RadarBali.com – Bagi yang pernah melintas di kawasan hutan Cekik Jalan Denpasar-Gilimanuk, tepatnya kiri jalan sebelum Pelabuhan Gilimanuk ada bangunan yang menjulang tinggi terlihat dari jalan raya. Tepat di pagar yang mengeliligi bangunana itu ada tulisan Monumen Operasi Lintas Laut Jawa-Bali.
Jika menengok ke dalam areal bangunan itu, disekitarnya ada dua buah tank, rudal dan dua bua ranjau laut. Tidak sedikit yang bertanya-tanya, bagunan apakah itu?
Pada saat upacara peringatan Operasi Lintas Laut Jawa-Bali, sejarah singkat hingga dibangun monumen itu dibacakan dihadapan para peserta upacara.
Begini sejarahnya seperti yang dibaca saat upacara peringatan di monumen? Peristiwa Operasi Lintas Laut Jawa – Bali sendiri berawal pada tanggal 3 April 1946 ketika sepasukan Tentara Keamanan Bagian Laut (TKR Laut) yang dikenal dengan Pasukan M di bawah pimpinan Kapten Laut Markadi dengan kekuatan 4 peleton bersiap – siap melaksanakan Operasi Lintas Laut Banyuwangi Bali.
Operasi Lintas Laut Banyuwangi Bali memiliki tujuan untuk melakukan konsolidasi dan mengatur penggabungan dengan para pemuda dan rakyat Bali yang pada saat itu Pulau Bali sudah di duduki Belanda.
Pasukan M berangkat dari pelabuhan Banyuwangi dengan 13 jukung dan 3 perahu mayang, pasukan M tersebut menuju pantai Candikusuma, Kecamatan Melaya, Jembrana.

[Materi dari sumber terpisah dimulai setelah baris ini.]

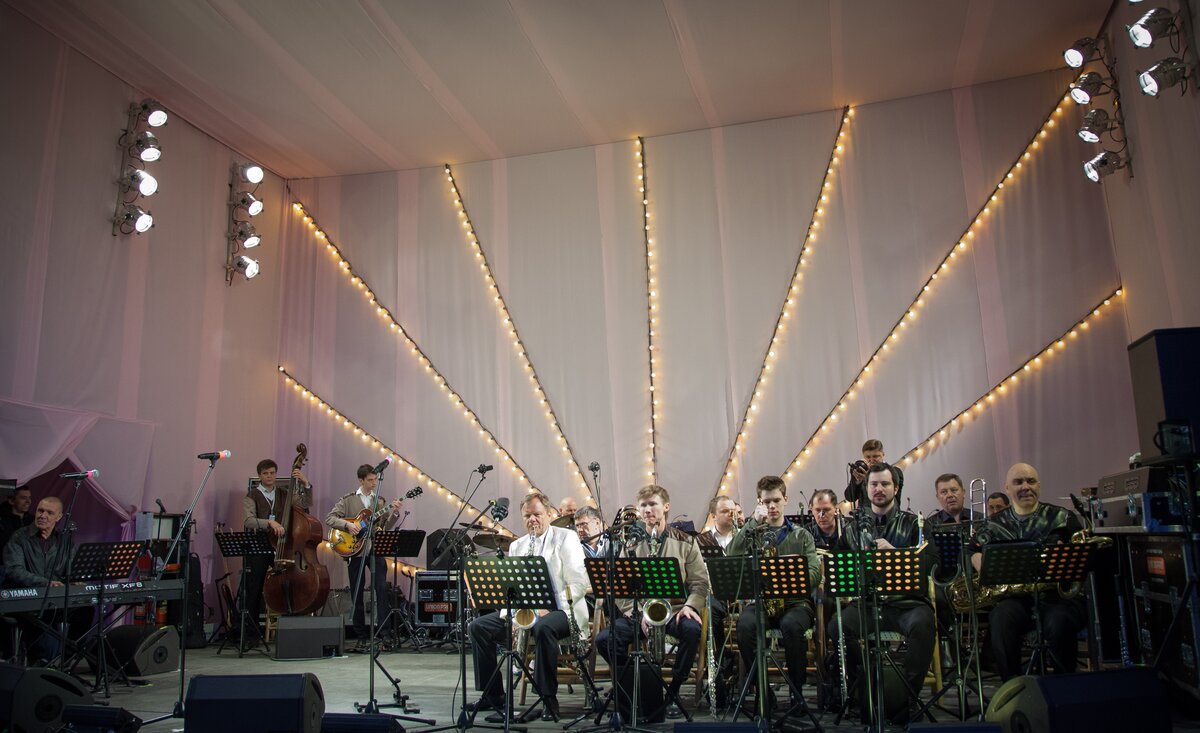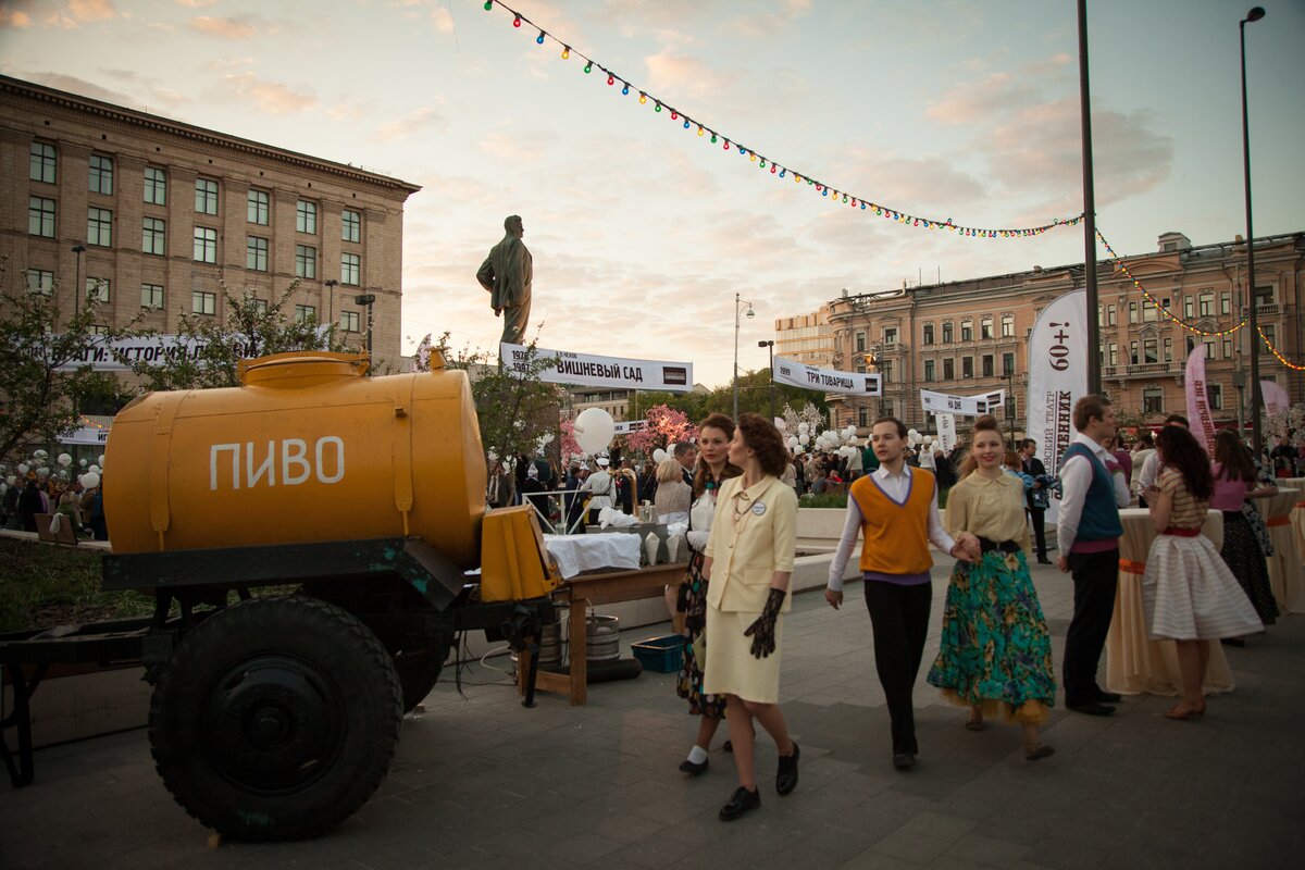На время празднования площадь оформили в стиле начала 60-х: установили киоски с сахарной ватой и ситро, под музыку оркестра Игоря Бутмана вальсировали стиляги.

Pasukan tersebut menggunakan pakaian musim dingin tentara Jepang hasil rampasan dan juga membawa senjata hasil rampasan Jepang.

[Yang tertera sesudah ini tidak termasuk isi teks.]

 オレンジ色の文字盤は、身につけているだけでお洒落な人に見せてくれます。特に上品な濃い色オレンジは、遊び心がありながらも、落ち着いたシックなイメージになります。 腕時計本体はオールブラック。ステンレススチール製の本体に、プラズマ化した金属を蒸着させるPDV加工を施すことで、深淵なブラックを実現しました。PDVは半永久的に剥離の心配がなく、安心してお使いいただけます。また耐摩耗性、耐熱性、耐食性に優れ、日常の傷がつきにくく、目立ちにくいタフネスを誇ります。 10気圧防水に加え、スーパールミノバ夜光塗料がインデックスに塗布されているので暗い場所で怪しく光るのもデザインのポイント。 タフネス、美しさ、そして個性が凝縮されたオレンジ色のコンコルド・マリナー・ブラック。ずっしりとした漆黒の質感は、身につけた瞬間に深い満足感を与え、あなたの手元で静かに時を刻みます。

Perahu mayang ditarik dengan kapal tunda, namun pukul 23.00 kapal tunda mengalami kerusakan mesin, dan menyebabkan terkatung katung di tengah laut.

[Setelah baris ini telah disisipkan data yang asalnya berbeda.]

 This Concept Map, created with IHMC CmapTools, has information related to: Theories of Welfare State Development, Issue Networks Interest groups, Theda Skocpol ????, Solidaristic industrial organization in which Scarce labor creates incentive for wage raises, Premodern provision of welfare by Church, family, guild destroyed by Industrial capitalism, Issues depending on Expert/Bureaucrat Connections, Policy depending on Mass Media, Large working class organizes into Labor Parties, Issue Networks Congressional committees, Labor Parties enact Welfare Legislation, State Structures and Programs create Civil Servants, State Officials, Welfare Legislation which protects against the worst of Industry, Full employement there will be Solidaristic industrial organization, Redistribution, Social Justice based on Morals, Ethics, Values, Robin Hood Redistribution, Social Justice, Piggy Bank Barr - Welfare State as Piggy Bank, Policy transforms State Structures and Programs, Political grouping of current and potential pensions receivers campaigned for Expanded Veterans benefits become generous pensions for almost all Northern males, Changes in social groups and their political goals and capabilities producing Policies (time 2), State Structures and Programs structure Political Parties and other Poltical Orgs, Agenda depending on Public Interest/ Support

Pada 4 April 1946 jam 06.00 tiba – tiba dari arah tenggara muncul kapal patroli Belanda yang besar. Kapten Laut Markadi langsung berinisiatif membuka seragam dan menyembunyikan senjata dengan maksud menyamar sebagai nelayan.
Ketika jarak sudah dekat komandan kapal Belanda memerintahkan “nelayan” Markadi untuk untuk melempar tali dengan maksud akan menarik kapal untuk dibawa ke pangkalan.
Ketika sudah mencapai jarak ideal, Kapten Markadi langsung memerintahkan pasukannya untuk menembak.
Saat terjadi pertempuran sengit, muncul kapal patroli lain yang mendekat dan pasukan M juga menghadang kapal kedua dengan senapan mesin berat sehingga kapal tersebut tidak bisa mendekat.
Kapal pertama yang di serang pun akhirnya terbakar dan tenggelam, Kapten Markadi pun memerintahkan kapal berputar halauan kembali menuju Banyuwangi.
Di malam harinya, Kapten Laut Markadi beserta pasukannya kembali naik perahu lagi dan berhasil mendarat di Pantai Klatakan Melaya.
Sesudah mendarat, pasukan langsung menyebrang jalan menuju Desa Peh untuk melakukan konsolidasi dan mengatur penggabungan dengan para pemuda dan rakyat Bali yang sudah dihubungi.
Pertempuran yang berlangsung tanggal 4 April 1946 tersebut berlangsung 15 menit, namun sudah cukup untuk berhasil mengalahkan musuh.